Apoptosis resistance in caspase 3– and caspase 7–deficient MEFs. (A) Caspase 3+/−/caspase 7+/−, (B) caspase 3+/−/caspase 7−/−, (C) caspase 3−/−/caspase 7+/− and (D) DKO MEFs were treated with UV irradiation at 30 J/m2, fixed after 6 hours, then stained with DAPI to visualize chromatin condensation (arrows) and nuclear fragmentation (arrowhead). Partial chromatin condensation was seen in caspase 3−/−/caspase 7+/− MEFs (asterisks). (E) Caspase 3+/−/caspase 7+/− and (F) DKO MEFs, 24 hours after UV irradiation. Light microscopy at 24 hours after UV in (G) caspase 3+/−/caspase 7+/−, (H) caspase 3+/−/caspase 7−/−, (I) caspase 3−/−/caspase 7+/− (some with partial preservation of morphology, arrows), and (J) DKO MEFs. (K) Improved survival in DKO MEFs. MEFs were treated as indicated, FasL and TNF-α each supplemented with cyclohexamide (10 μg/ml). After 24 hours, survival was determined using a live/dead cytotoxicity/viability assay. Data are means ± SD from a single experiment in triplicate, representative of at least three separate experiments. P < 0.01 for pairwise comparison of differences between DKO and each of the other six genotypes. (L) DNA cleavage is associated with caspase 3 alone. Cells were treated with UV and harvested after 3 hours, then nucleosome ELISA was done to measure DNA fragmentation. Data are means ± SD from a single experiment in duplicate, representative of at least three separate experiments. (M) PARP cleavage is a function of caspase 3. Cells were treated with UV (20 J/m2) and harvested at indicated time points, then Western blots were performed on whole-cell lysates.

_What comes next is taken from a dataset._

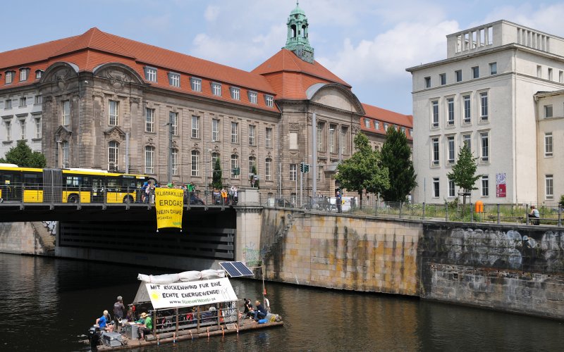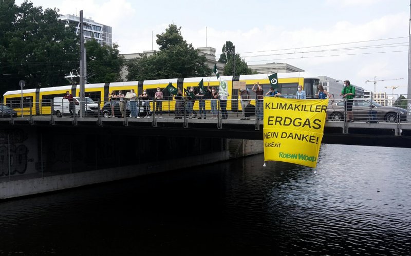 Als das Holzfloß ROBINA WALD heute Mittag auf dem Berlin-Spandauer Schifffahrtskanal kreuzte, entrollten weitere Aktivist*innen von ROBIN WOOD und Fridays For Future an der Sandkrugbrücke am Bundeswirtschaftsministerium ein Banner mit dem Slogan: „Klimakiller Erdgas – Nein Danke! #GasExit“

Consistent with this, DKO MEFs displayed increased viability after stimulation of the death-receptor pathway (Fig. 2K) as compared with that of other genotypes. Caspase 3−/−/caspase 7+/− and caspase 3+/−/caspase 7−/− cells showed an intermediate effect. Interestingly, caspase 7−/− MEFs showed a consistently greater viability than caspase 3−/− MEFs. In contrast, when we measured DNA fragmentation by nucleosome enzyme-linked immunosorbent assay (ELISA) (Fig. 2L) caspase 3−/− MEFs showed complete absence of DNA fragmentation, whereas both caspase 7−/− and caspase 3+/−/caspase 7−/− cells showed DNA fragmentation comparable to that of the wild type. Furthermore, cleavage of the caspase substrate poly(adenosine diphosphate–ribose) polymerase was entirely dependent on caspase 3 and not caspase 7 (Fig. 2M). These results show that caspases 3 and 7 have some overlapping, but also some distinct, roles in apoptosis. Caspase 3 controls DNA fragmentation and morphologic changes of apoptosis, whereas caspase 7 plays little role in these processes. In contrast, caspase 7 appears to be more important to the loss of cellular viability, although the combined role of both caspases is crucial in this area.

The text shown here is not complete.